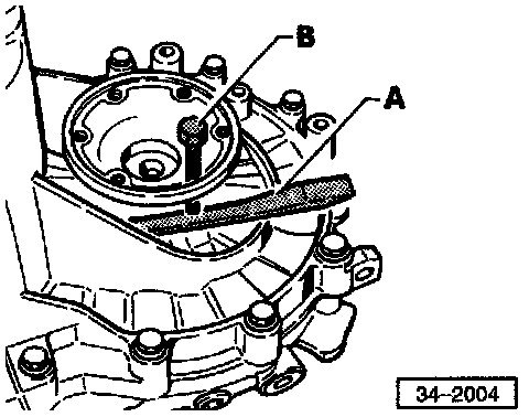 - Position chisel or spacer (A) beneath axle flange and pull flange (right or left) from differential gears by turning bolt (B) (B = a previously removed housing bolt)
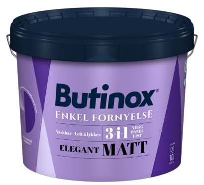 Butinox Elegant Matt er en allsidig og moderne 3-i-1 interiørmaling som gir en vakker, matt finish på både vegg, panel og list. Med høy slitestyrke og vaskbar overflate er den perfekt for hjem med høye krav til både utseende og funksjon.
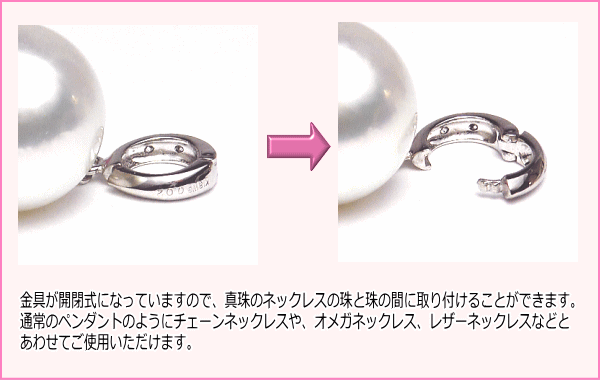■クリッカーペンダントトップの金具:K18ホワイトゴールド製(真珠サイズが8.5mm以下の真珠ネックレスに取り付け可能です。)

» INSTRUCTIONS FOR THE TASK
When you restate the listing above, give each line word for word but leave out every image.

» WRITTEN SOLUTION
 - Position chisel or spacer (A) beneath axle flange and pull flange (right or left) from differential gears by turning bolt (B) (B = a previously removed housing bolt)
 Butinox Elegant Matt er en allsidig og moderne 3-i-1 interiørmaling som gir en vakker, matt finish på både vegg, panel og list. Med høy slitestyrke og vaskbar overflate er den perfekt for hjem med høye krav til både utseende og funksjon.
■クリッカーペンダントトップの金具:K18ホワイトゴールド製(真珠サイズが8.5mm以下の真珠ネックレスに取り付け可能です。)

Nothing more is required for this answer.